When running PIConGPU on the V100 at hemera, I get the following warning:
libibverbs: Warning: couldn't load driver 'librxe-rdmav25.so': librxe-rdmav25.so: cannot open shared object file: No such file or directory
@psychocoderHPC and @sbastrakov do you k ow where this is coming from and whether this can be ignored.
(I encounter this warning before and it did not cause a crash, but now I PIConGPU crashed without any specific error.)

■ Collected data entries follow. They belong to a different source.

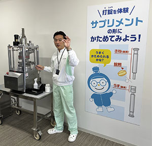 実は三島工場は一般の人も見学することができる。しかも見学コースは今年7月24日にリニューアルされたばかりだ。三島工場オリジナルキャラクターの「タンクリーンくん」が随所にいて、医薬品製造レベルのクリーンな環境でサプリメントを製造していることをやさしく説明する。ファンケルのサプリメントの特徴である「体内効率設計」を視覚的に体験できる実験コーナーも新設された。
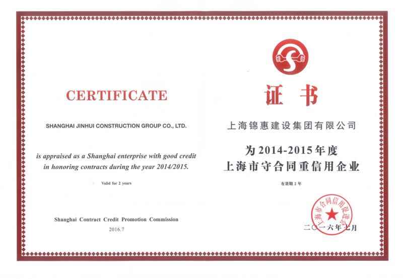 2016年7月,上海錦惠建設集團有限公司被評為2014-2015年度上海市守合同重信用等級3A級企業(yè)。
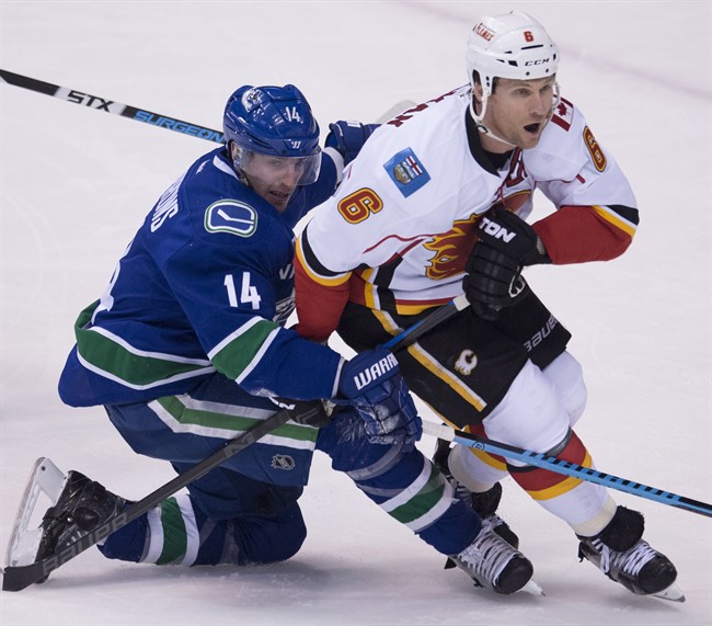 Vancouver had recalled former Flames first-round draft pick Sven Baertschi from the AHL prior to Burrows’ injury. Baertschi skated in pre-game warmup, but didn’t play.
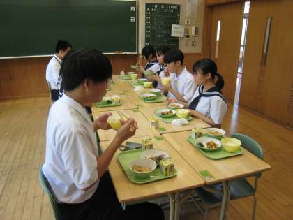 今日は、親子煮に使われている卵にちなみ、鶏が1年間に産む卵の数についてのクイズが出されました。生徒たちは何個産むのか楽しそうに考えていました。(答えは約300個だそうです。)
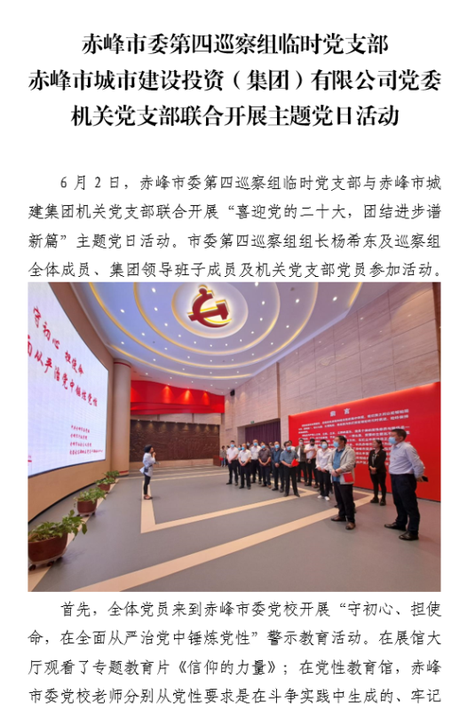 赤峰市委第四巡察組臨時黨支部 赤峰市城市建設(shè)投資(集團)有限公司黨委機關(guān)黨支部聯(lián)合開展主題黨日活動
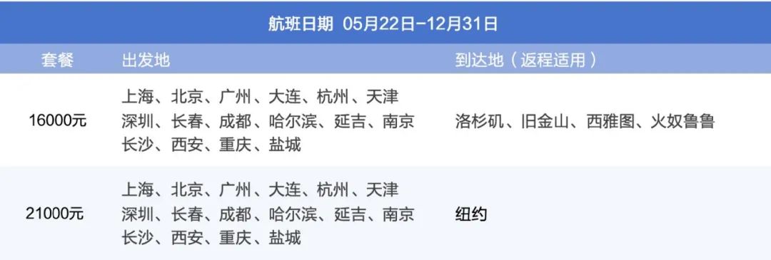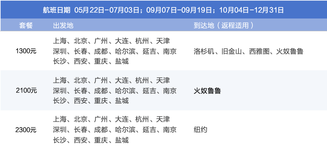 航班日期:5月22-7月3;9月7-9月19;10月4-12月31飞洛杉矶/旧金山/西雅图/夏威夷 16000元
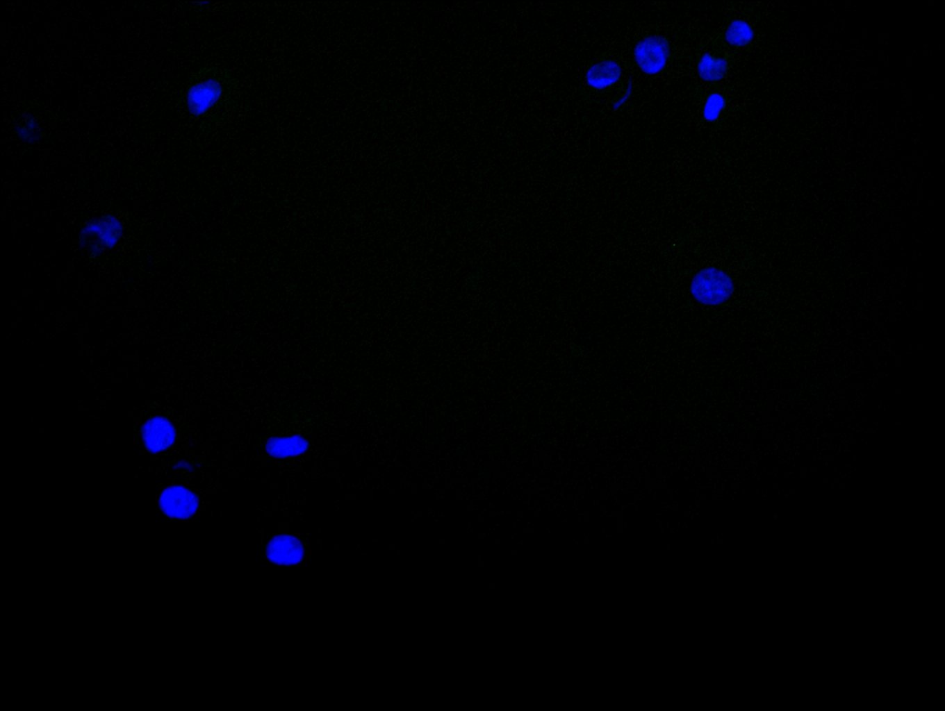 Immunofluorescence staining of PC-3 cell with CSB-PA023837LA01HU at 1:30, counter-stained with DAPI. The cells were fixed in 4% formaldehyde and blocked in 10% normal Goat Serum. The cells were then incubated with the antibody overnight at 4C. The secondary antibody was Alexa Fluor 488-congugated AffiniPure Goat Anti-Rabbit IgG(H+L).
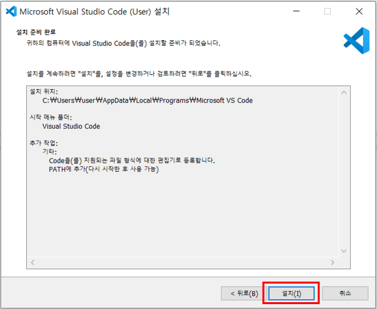 - 'PATH에 추가'는 Windows 환경설정에 Visual Studio Code 설치 경로를 자동으로 등록해주는 기능으로,
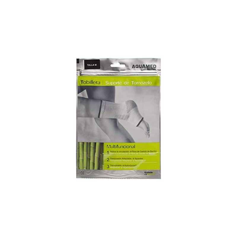 AQUAMED Active Ankle Brace - Elastic Support, Bamboo Charcoal Fiber, Joint Pain Relief, Washable, Size M
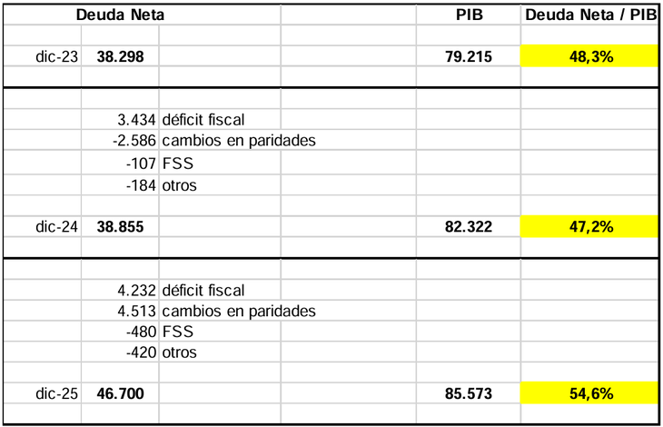 La deuda bruta del sector público total cerró en el 2025 en 64.129 millones de dólares, lo que representó un 74,9% del PIB y un aumento de 8,6 puntos respecto del cierre del 2024. La deuda neta, en tanto, fue de 46.700 millones de dólares, un 54,6% del PIB y 7,4 puntos más que el ejercicio previo.
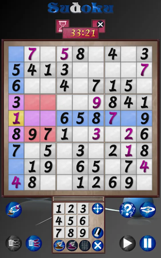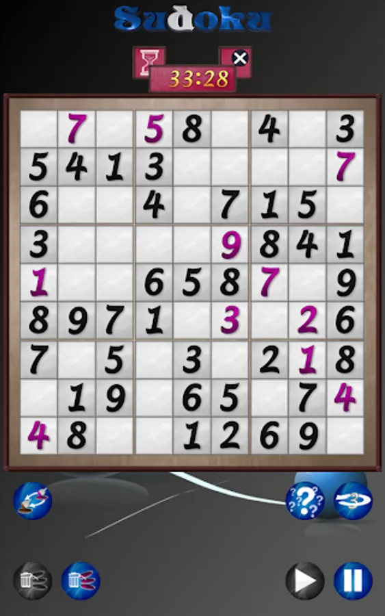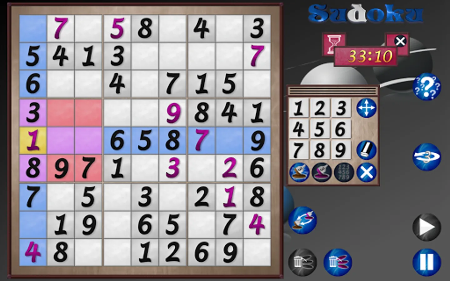 This game is a Sudoku game following the standard Sudoku rules. It comes with tons of levels and five difficulty settings. It offers some convenient options to enter the numbers (mini numbers as hints and different colors for trial runs). Full undo support is available (allows undo of all actions, including color change or 'delete all').

I am not familiar with this library. From googling it seems the library is for interconnect things. So I think it makes sense to create an issue so that cluster admins could have a look.
Okay - thanks @sbastrakov - I will open a ticket.
Most likely, the crash my simulation encountered was caused by a node failure. There seems to be no notification in stdout / stderr for that on hemera.
The library issue will be investigated next year.
looks like an Infiniband library. Most likely that the modules forget to set LD_LIBRARY_PATH or were compiled on a node that had a different image than the default node image.
@psychocoderHPC As suggested by Jens Lasch, this warning might originate from an ibv_devinfo call. From the order of output, my guess is that this warning is triggered by our cuda_memtest.sh, which performs an mpiInfo call. Does this executable internally call ibv_devinfo?
@psychocoderHPC As suggested by Jens Lasch, this warning might originate from an
ibv_devinfocall. From the order of output, my guess is that this warning is triggered by ourcuda_memtest.sh, which performs anmpiInfocall. Does this executable internally callibv_devinfo?
No we never call ibv_devinfo by our self. IMO this is coming from MPI itself and there is a very high possibility that some RDMA feature not work correctly because of that.
The cluster admins resolved the issue by a (driver) update.